In the field of scientific research, a comprehensive understanding of methodology and data collection and analysis techniques serves as the fundamental basis that determines the quality of research outcomes. Quantitative and qualitative research have distinct characteristics, yet both complement each other in revealing scientific reality. The synthesis of these two approaches produces a comprehensive framework that not only measures phenomena objectively but also seeks to understand their deeper meaning. Therefore, understanding data, variables, population, sampling, data collection techniques, and analytical methods is an essential step toward producing valid and meaningful research.
First, data in research can be categorized into two main types: quantitative and qualitative. Quantitative data are numerical in nature and can be statistically analyzed to test hypotheses, while qualitative data are presented in the form of narratives or descriptions aimed at understanding context, meaning, and human experiences related to a phenomenon. Variables are key elements in research, representing measurable characteristics that vary among objects. There are independent variables (X) as causes, dependent variables (Y) as effects, moderating variables (W) that influence the strength of relationships between variables, and mediating variables (M) that act as intermediaries in causal processes. To measure these variables, researchers use different scales of measurement: nominal, ordinal, interval, and ratio. The nominal scale classifies categories without order, the ordinal scale indicates rank or level, the interval scale shows equal distances without an absolute zero, while the ratio scale has equal intervals and an absolute zero as the starting point. To ensure trustworthy research results, validity and reliability testing are required. Validity ensures that an instrument accurately measures the intended concept, while reliability guarantees that the results remain consistent when measurements are repeated.
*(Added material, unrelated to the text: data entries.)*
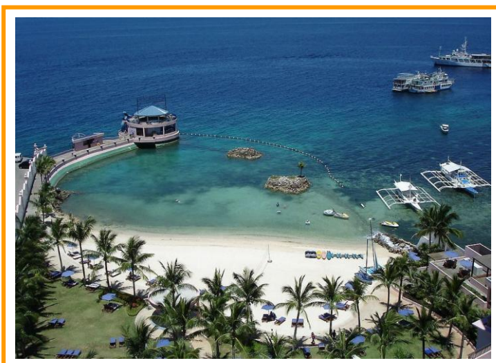
▲ Boracay Island

My first stop is to Boracay Island. It is most famous for the beautiful beach with pure and white sand, which is 5 kilometers long shown like below picture.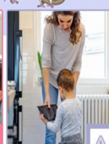
You won't get in trouble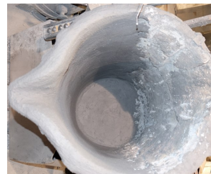
LADLE WELL coating in process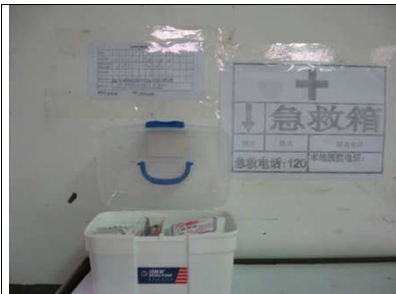
First aid supplies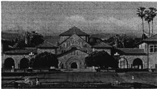
Stanford University, CA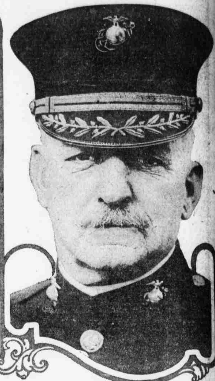
GENERAL L. T. W. WALLER, OF THE MARINE CORPS, WHO MADE THE PLANS FOR PHILADELPHIA'S CELEBRATION TODAY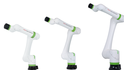
CRX-5iA CRX-10iA CRX-25iA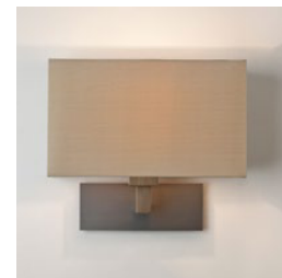
CODE: 1080045 FINISH: BRONZE

TO MAINTAIN THIS PRODUCT TO ITS BEST CONDITION, PLEASE VIEW OUR CARE AND CLEANING GUIDE ON THE SUPPORT SECTION OF THE ASTRO WEBSITE.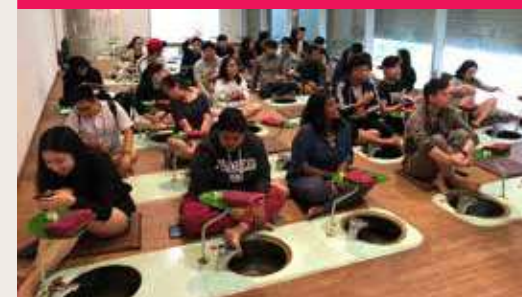
Jeju Massage using Green Tea Scrub with Volcanic Spring Water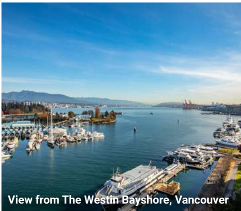
View from The Westin Bayshore, Vancouver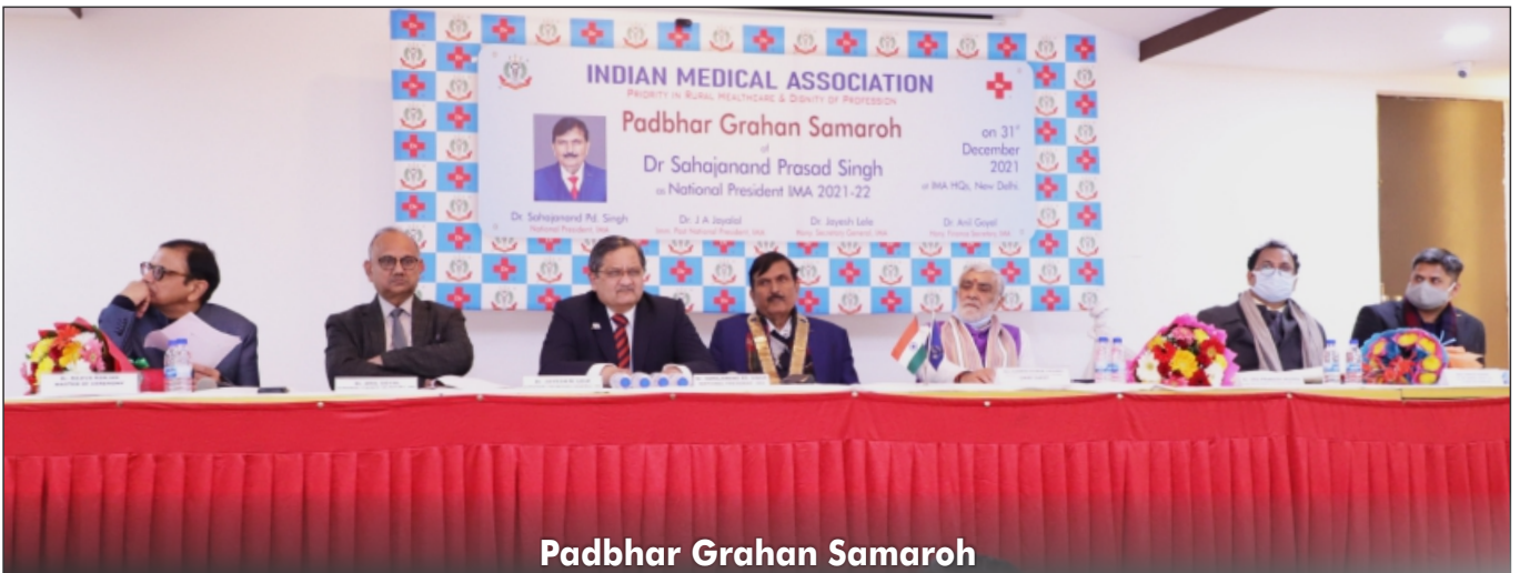
Padbhar Grahana Samaroh

Second, in research, the population refers to the entire group of objects under study, whereas the sample represents a portion of the population selected to stand in for the whole. Sampling techniques can be carried out through two main approaches: probability and non-probability sampling. In probability sampling, every member of the population has an equal chance of being selected, as seen in random sampling, stratified sampling, or cluster sampling. Meanwhile, non-probability sampling is more subjective, based on specific considerations, such as purposive, quota, or snowball sampling. Instruments used for data collection include questionnaires to measure opinions or attitudes, observations to record direct behaviors, interviews to obtain in-depth information, tests to assess abilities or achievements, and documentation to analyze data from archives or official records. Before use, these instruments must undergo pilot testing and content validation through expert judgment to ensure their relevance, representativeness, and alignment with research objectives.
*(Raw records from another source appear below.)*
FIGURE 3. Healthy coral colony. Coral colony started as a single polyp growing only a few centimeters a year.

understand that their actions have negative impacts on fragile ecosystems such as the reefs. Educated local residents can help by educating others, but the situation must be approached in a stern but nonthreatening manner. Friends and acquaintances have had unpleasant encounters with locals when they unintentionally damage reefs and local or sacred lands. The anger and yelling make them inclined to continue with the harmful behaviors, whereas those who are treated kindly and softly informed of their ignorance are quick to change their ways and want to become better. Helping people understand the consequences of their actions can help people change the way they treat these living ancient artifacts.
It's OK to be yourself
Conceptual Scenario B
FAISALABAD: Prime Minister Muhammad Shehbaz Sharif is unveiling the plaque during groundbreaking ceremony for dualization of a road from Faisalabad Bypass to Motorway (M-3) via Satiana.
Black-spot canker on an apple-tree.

Third, data collection techniques differ between quantitative and qualitative research. Quantitative research relies on questionnaires, tests, and documentation that produce numerical data suitable for statistical analysis. In contrast, qualitative research employs in-depth interviews, participatory observations, and document analysis to understand the meaning and context of social phenomena. To ensure the accuracy and consistency of data, researchers must apply data triangulation, pilot testing of instruments, enumerator training, and systematic documentation. Moreover, ethical standards must be upheld throughout the data collection process, including obtaining informed consent from participants, maintaining confidentiality, ensuring transparency about the purpose of the study, and avoiding any form of manipulation or coercion toward respondents.
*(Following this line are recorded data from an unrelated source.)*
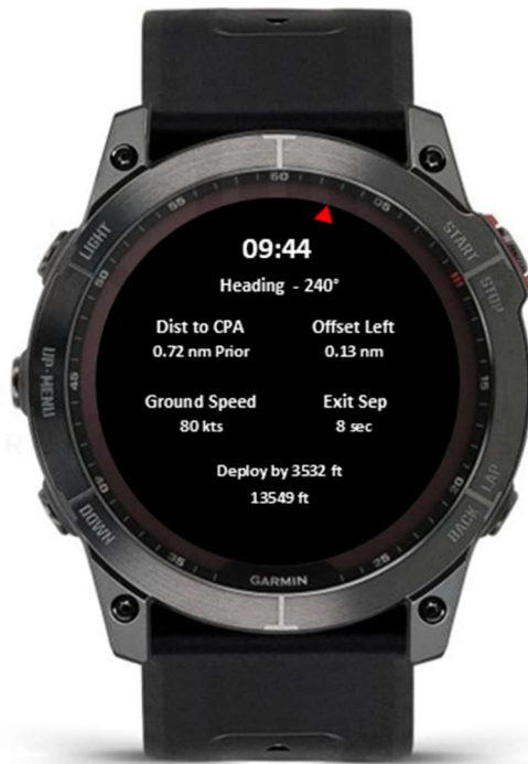
Figure 3: Spot Screen Example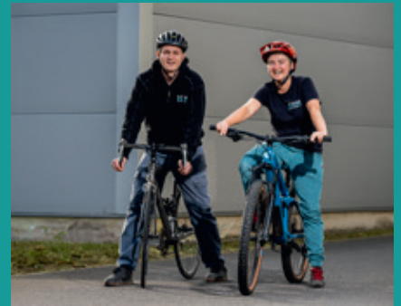
Numerous additional benefits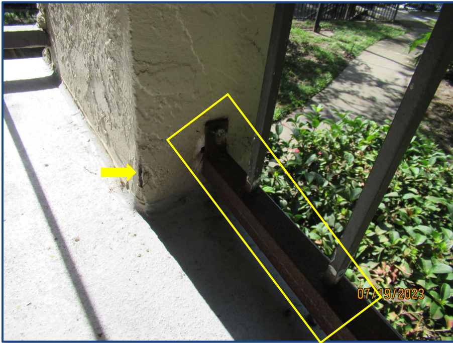
Photograph No. 18: Stucco damage, paint peeling, and surface corrosion to the metal guardrail located in the south stairway.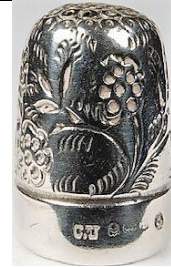
CU 1918 size 6 "PETER PAN REGD"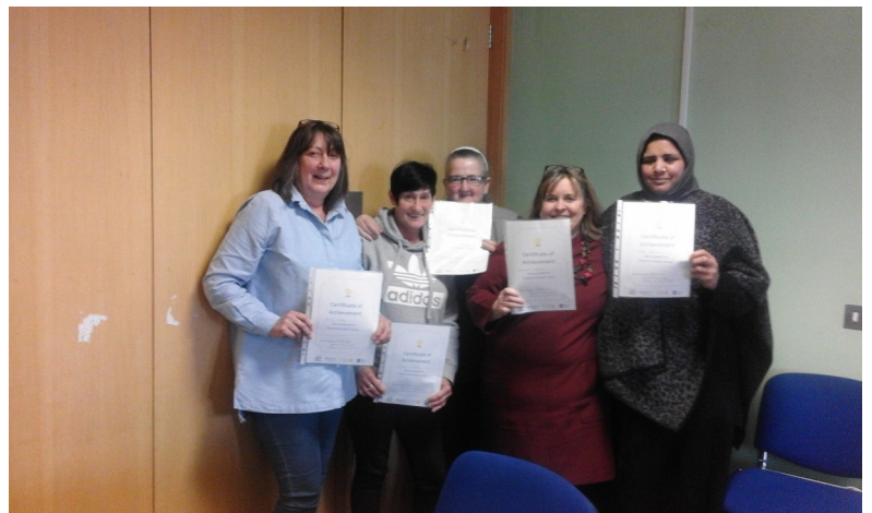
Financial Know How certificate presentation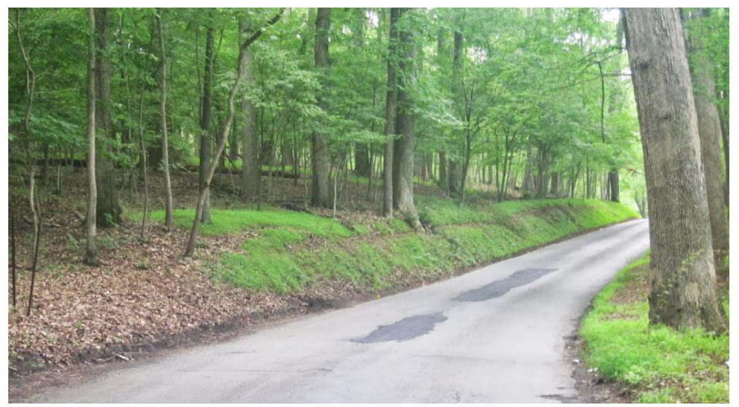
The mature woodlands on Davis Mill Road are a significant feature of the road.

<u>Significant features</u>. Where roadside foliage and trees are listed as significant features of a rustic road, they should be maintained in good condition, and consideration should be given to enhancing the feature.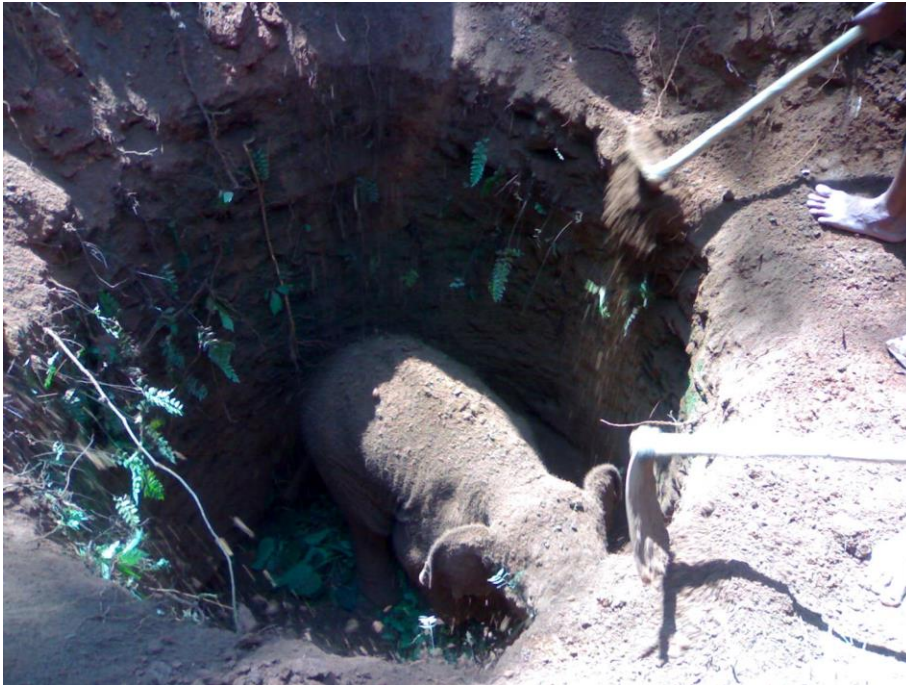
Closing pit with vegetation with surrounding vegetation and soil to reduce the depth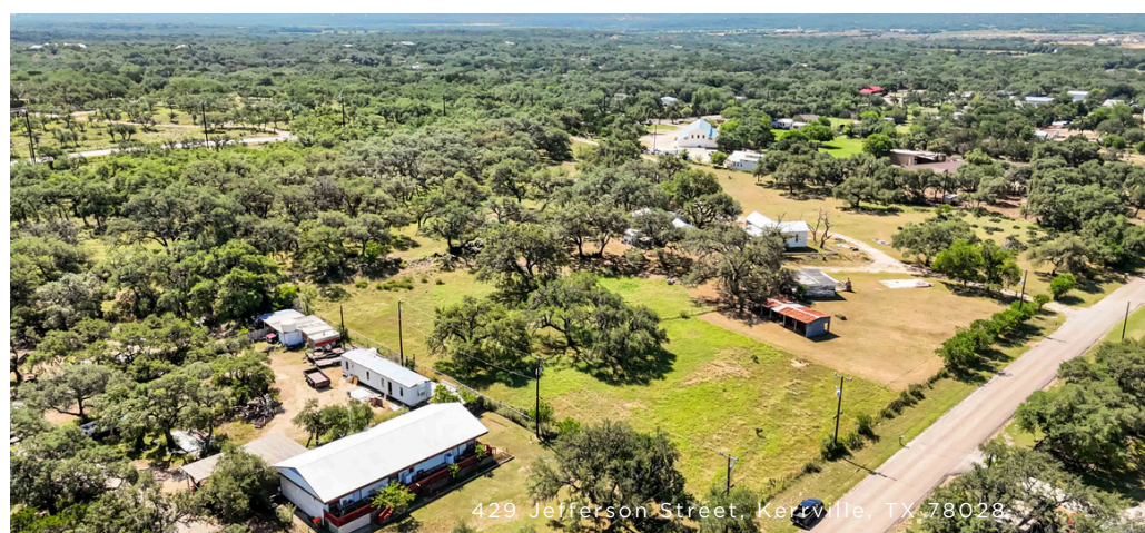
429 Jefferson Street, Kerrville, TX 78028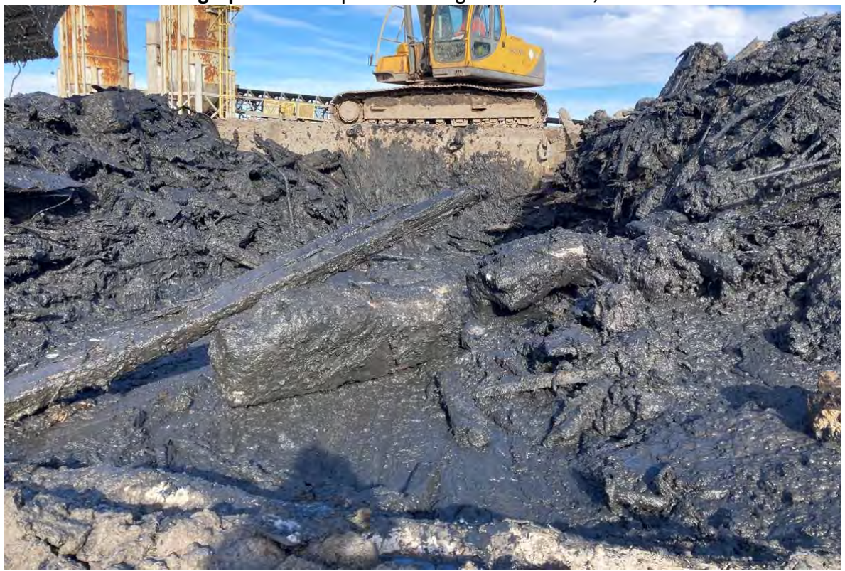
Photograph 3 – Example of large concrete blocks, front view.

Fifth, data analysis in research serves to reveal the relationships and effects among variables. Correlation analysis is used to measure the strength of association between two or more variables, utilizing tests such as Pearson's correlation for interval or ratio data with normal distribution, Spearman's rank correlation for ordinal data, and Kendall's tau for non-parametric data or small samples. Meanwhile, causal analysis is performed through regression---simple linear regression for one independent variable and one dependent variable, or multiple linear regression for several independent variables influencing a single dependent variable. The interpretation of analytical results involves testing hypotheses, comparing findings with previous studies, and discussing implications as well as the limitations of the research.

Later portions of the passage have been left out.